Bollicine per ringraziare loro di quanto siano state locomotive.
Dicono che i Commercialisti siano un po’ come i Dottori dell’Economia e in questi mesi abbiamo continuato ad essere in prima linea per ascoltare i problemi di tutti, studiare nuove leggi e nuove misure, comprendere come calarle nella realtà di ciascuno e metterle in pratica. Negli scorsi mesi sono stati sospesi adempimenti, rinviati i termini per i versamenti, per l’approvazione dei bilanci, ma nel contempo è stato necessario provvedere a tante altre questioni (oggi per esempio aprono i canali telematici per l’invio della richiesta di contributo a fondo perduto da parte delle imprese con ricavi minori di 5 Milioni) ed il 30 giugno vediamo concentrarsi la scadenza ordinaria del pagamento delle imposte sui redditi con quella di tutti gli altri adempimenti che erano stati semplicemente rinviati.
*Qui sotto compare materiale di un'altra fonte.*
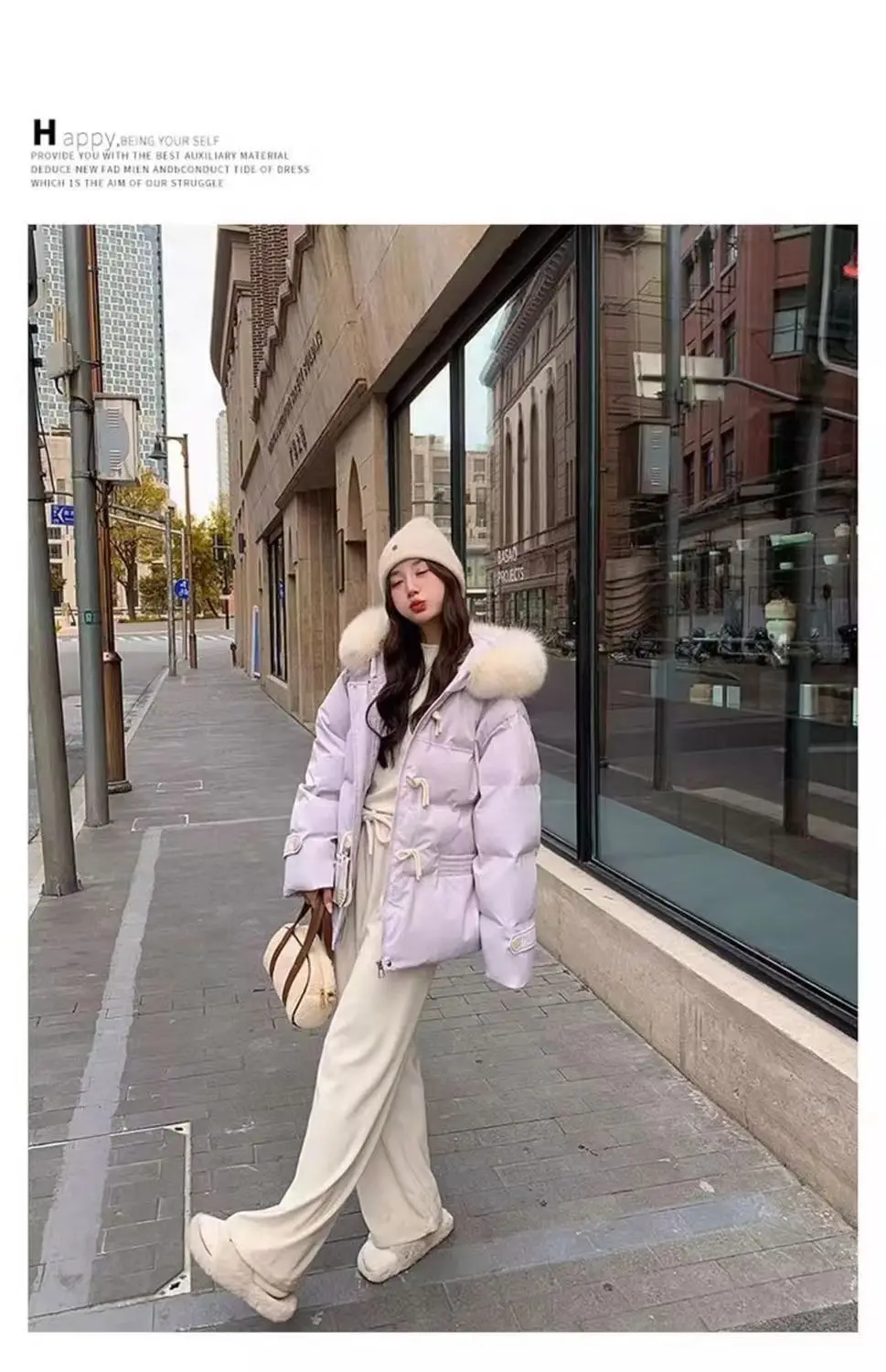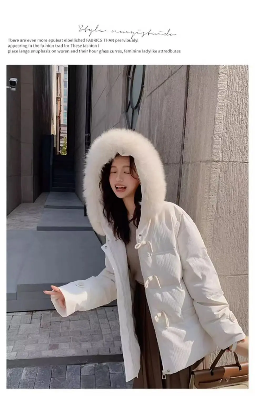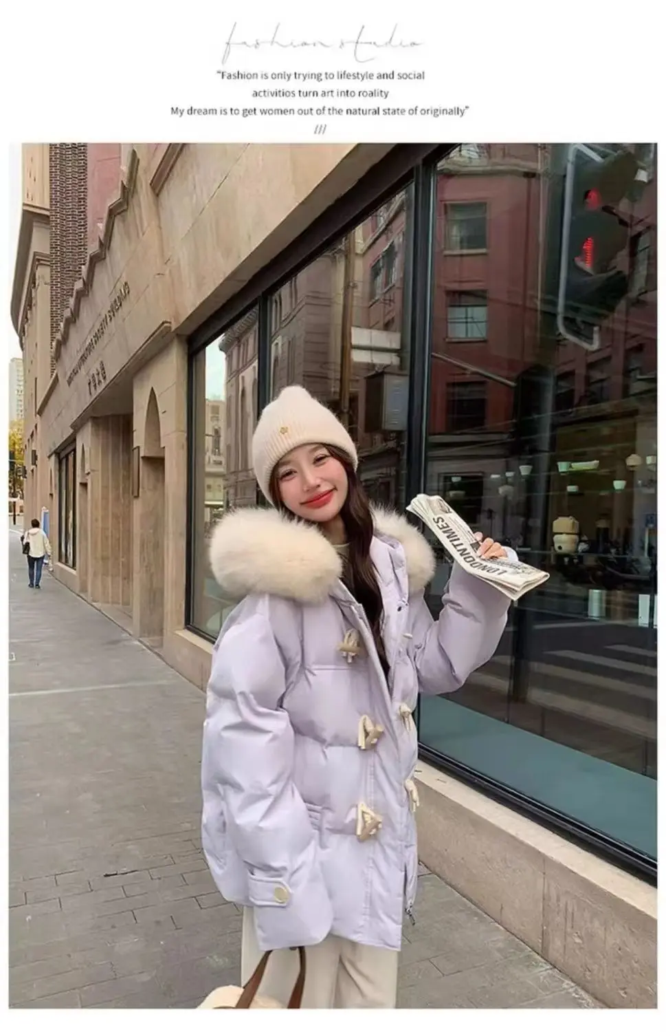Versione leggera Cotone imbottito a mano Fibbia in corno viola Vestiti di cotone Colletto di pelliccia grande allentato invernale da donna Vestiti di pane addensati 1Versione leggera Cotone imbottito a mano Fibbia in corno viola Vestiti di cotone Colletto di pelliccia grande allentato invernale da donna Vestiti di pane addensati

Sono convinto che prorogheranno il termine per il versamento delle imposte di almeno un mese, ma come sempre ci verrà comunicato a pochi giorni dalla scadenza quando ormai avremo già fatto i salti mortali ed avremo lo stomaco contorto ed in alcuni casi bucato da ansia e stress per fare tutto quanto ci viene richiesto senza che quasi nessuno comprenda la fatica, il tempo e la professionalità che sono stati messi in campo.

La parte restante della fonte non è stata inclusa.